Daemons lie about everything! Except the part where they say that everything that ever happens is actually totally a part of their super elaborate plan, even as you chop up their cultists, burn their tomes, and topple their shrines. That part is always totally true.



If Chaos was so omnicompetent that a single monologue by a single Greater Daemon was enough to make even the most guarded and highly-trained of listeners their unwitting slave forever unless they immediately start cauterizing parts of their brain, we wouldn't be into the double digits of Everchosen. By all means, be cautious and skeptical of your actions around this kind of thing, but a Lord of Change making an appearance doesn't instantly transform literally every option into a trap option.

@Boney Are you moving the AV amount tracker (X gallons) to the char sheet (maybe next to personal wealth) after we finish the research chain? It seems a bit awkward for it to still be in turn starts if there's no longer an AV research actions section to attach it to.

I might, I'll see what that part of the turn vote looks like next time it rolls around.

Hmmmm... I was thinking of how we could counter this demon's bullshit about 'talking in the past' and I figure: What are words spoken to you in the past? A memory. And we are a Grey Wizard, in a college of Grey Wizards.

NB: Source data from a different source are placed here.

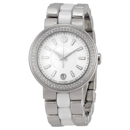 Stainless steel case with a white ceramic and stainless steel bracelet. 120 diamonds (0.504 t.c.w.) bezel. White dial with silver-tone hands and index hour markers. Minute markers around the outer rim. the mavado dot apperas at the 12 o'clock position. Dial Type: Analog. Date display at the 6 o'clock position. Quartz movement. Scratch resistant sapphire crystal. Solid case back. Case diameter: 36 mm. Round case shape. Deployment with push button clasp. Water resistant at 30 meters / 100 feet. Functions: date, hour, minute, second. Dress watch style. Watch label: Swiss Made. Movado Cerena Stainless Steel Diamond Ladies Watch 0606624.
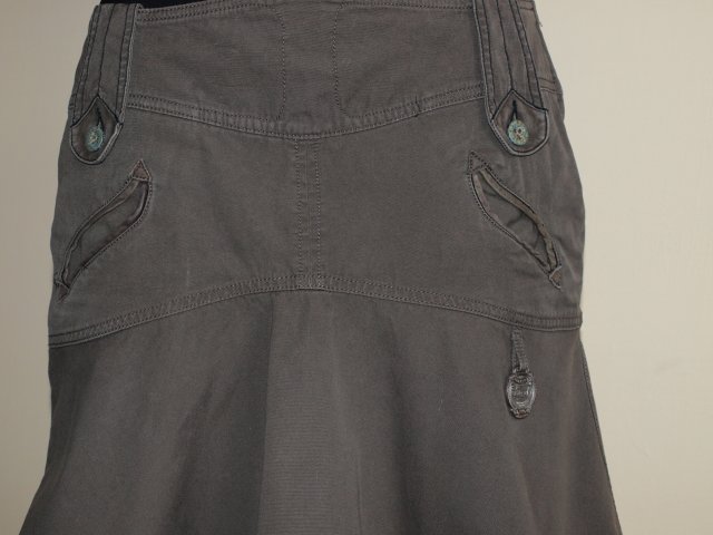 Krotka, sportowa spódnica, marki Diesel. Materiał 100% grubsza, sztywniejsza bawełna. Spódnica wąska w biodrach, od bioder cięta z półklosza. Kolor ciemnej oliwki. Stan bardzo dobry, prawdopodobnie nieużywana. Rozmiar z metki 28. Myślę że powinna pasować na 38. Podaję wymiary mierzone na płasko;
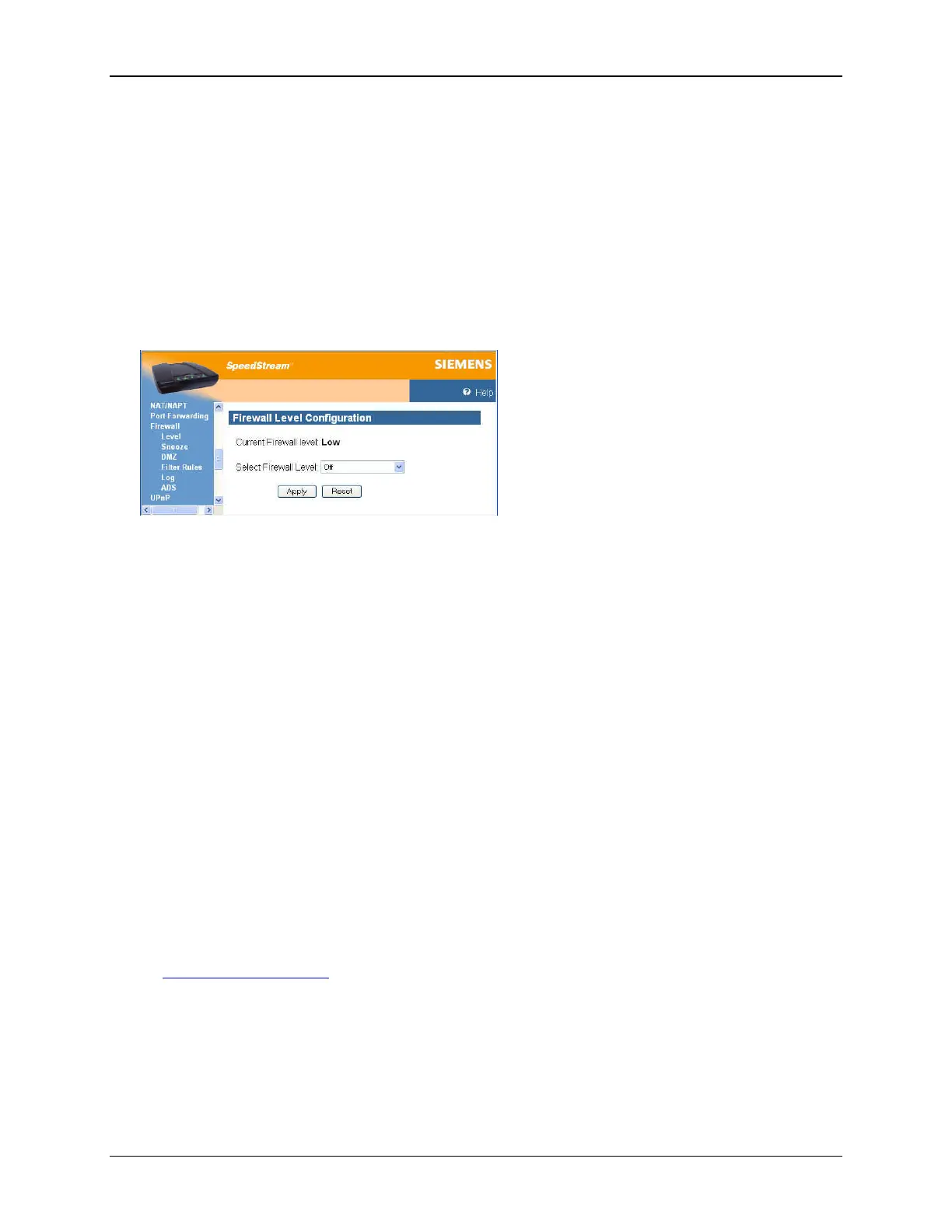 1. Select Setup>Firewall>Level from the left navigation pane of the Web interface. This displays the
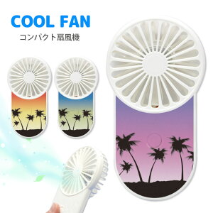 No107 サンセット モバイルファン 扇風機 USB充電式 ストラップホール付き ミニ扇風機 クールファン ハンディーファン 熱中症対策 ポータブル 風量切替 ミニファン 小型 グッズ コンパクト 手持ち グラデーション ハワイアン 海 南国 夏 ヤシの木 夕焼け d:fas

All I figure we need to do to fix this stupid mess is ask our buddy Ranald to perform some open soul surgery on us to get rid of the soul parasite that is the Fated trait, then go to the Grey College, tell them what we heard and just ask them to remove our memory of what it said to us so we can just go about our business as normal without compromised judgement/second guessing ourself.

@Boney Would this work?

As others have pointed out, Grey Wizards cannot edit memories. They can remove all memories of themselves from a target with Mindhole, or conceal specially-prepared memories to be revealed on a specific trigger with whatever they used for the memory packets.